Las palabras de esa persona que seguramente le mostraría en su rostro un grueso fajo de billetes para que eliminara lo que ahora crecía dentro de ella resonaron en su mente e inconscientemente se apretó el estómago de forma protectora, como si todo su instinto se desviara para cuidar lo que estaba allí.

Si... Kaiden era capaz de eso y de mucho más si ella osaba negarse. Palideció con la imagen que cruzó su mente.

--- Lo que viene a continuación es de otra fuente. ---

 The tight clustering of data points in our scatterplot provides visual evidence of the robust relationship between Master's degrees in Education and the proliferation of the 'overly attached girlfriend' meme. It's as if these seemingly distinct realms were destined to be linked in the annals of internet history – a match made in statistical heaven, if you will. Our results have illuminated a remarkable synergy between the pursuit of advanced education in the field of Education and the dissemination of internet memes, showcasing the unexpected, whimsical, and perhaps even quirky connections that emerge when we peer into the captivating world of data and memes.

Savana pensó que más cosas no podrían salir mal en su vida dado que ya estaba en el fondo, pero ahora llegaba esta nueva noticia para destruirla aún más. Aun así, mantuvo algo de esperanza, la vida no podía ser más cruel. Si, el resultado debía estar mal porque era simplemente imposible que hubiera cambiado de raza de la noche a la mañana y que además estuviera embarazada. Su estado de negación era totalmente acérrimo. Y como no estarlo si ni siquiera tenía techo propio, en cambio tenía que cubrir una gran deuda,

De seguro los papeles eran los papeles de otra persona, pero sus esperanzas hicieron añicos, cuando tuvo el nuevo resultado en sus manos dos horas después donde su cabeza había sido un caos esperando respuestas.

Sus dedos comenzaron a temblar tanto que el papel se arrugó. En los últimos 27 años había vivido como una simple humana. Sin olor, sin feromonas, pero entonces que era eso que encontró en el papel «Loba híbrida 50% de coincidencia de genes con predominancia de género secundario Omega», razón que explicaba su esterilidad, la cual podía verse afectada si se apareaba con un lobo con genes alfas lo suficientemente dominante para estimular su lado omega. Fue un golpe tan duro para ella que todo a su alrededor comenzó a desvanecerse y se desmayó.

Omega. Fue la única palabra que grabó porque era lo que había despertado en ella. Lo último en la escala social. Como si la vida ya no fuera una total mierda. No sabía que iba a hacer.